7.2. Morphology: No Single Common Source
For morphology, we assessed children’s production of the past tense and third person singular morphemes in the standardised TEGI task, and the mean length of utterance (MLU) in the children’s narratives. As for the Renfrew assessment task, we observed a contrast between bilinguals and monolinguals for both measures: monolinguals were more accurate than bilinguals on the TEGI tasks, and produced narratives with higher MLUs. However—also as for the Renfrew task—accuracy for monolinguals on the TEGI was predicted only by age, with no correspondence for monolinguals between either TEGI task and the other language measures.

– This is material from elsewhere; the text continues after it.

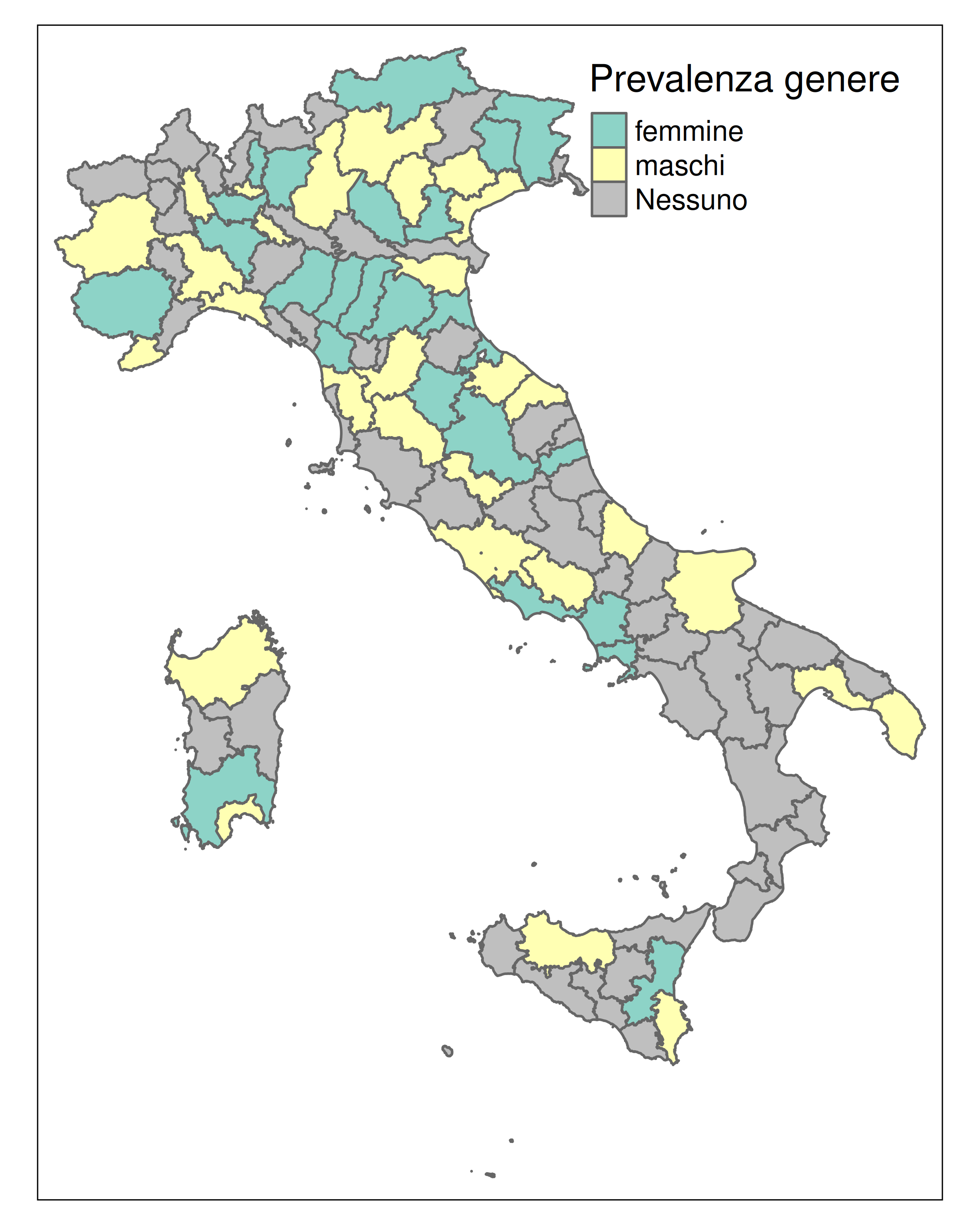 Queste tabelle riportano la distribuzione per genere ed età, e la prevalenza di genere per ciascuna provincia.

This suggests that the TEGI tasks—like the Renfrew vocabulary task—would depend on language experience, either overall or specific to English. However, the results for bilinguals are not consistent with this: unlike in the Renfrew vocabulary task, accuracy for the TEGI in bilinguals was not predicted by LOE. Instead, we observed a correspondence between TEGI accuracy for bilinguals and accuracy on the Renfrew vocabulary task, MLU, and narrative complexity. While the correspondence between the TEGI and MLU is within domains, the two additional correspondences (with the Renfrew task and narrative complexity) could be indicative of some more general common process which affects performance across domains. For example, domain-general executive functions which interface with language may support both stronger performance in the Renfrew task and the procedures involved in planning and producing complex utterances—both morphologically and syntactically.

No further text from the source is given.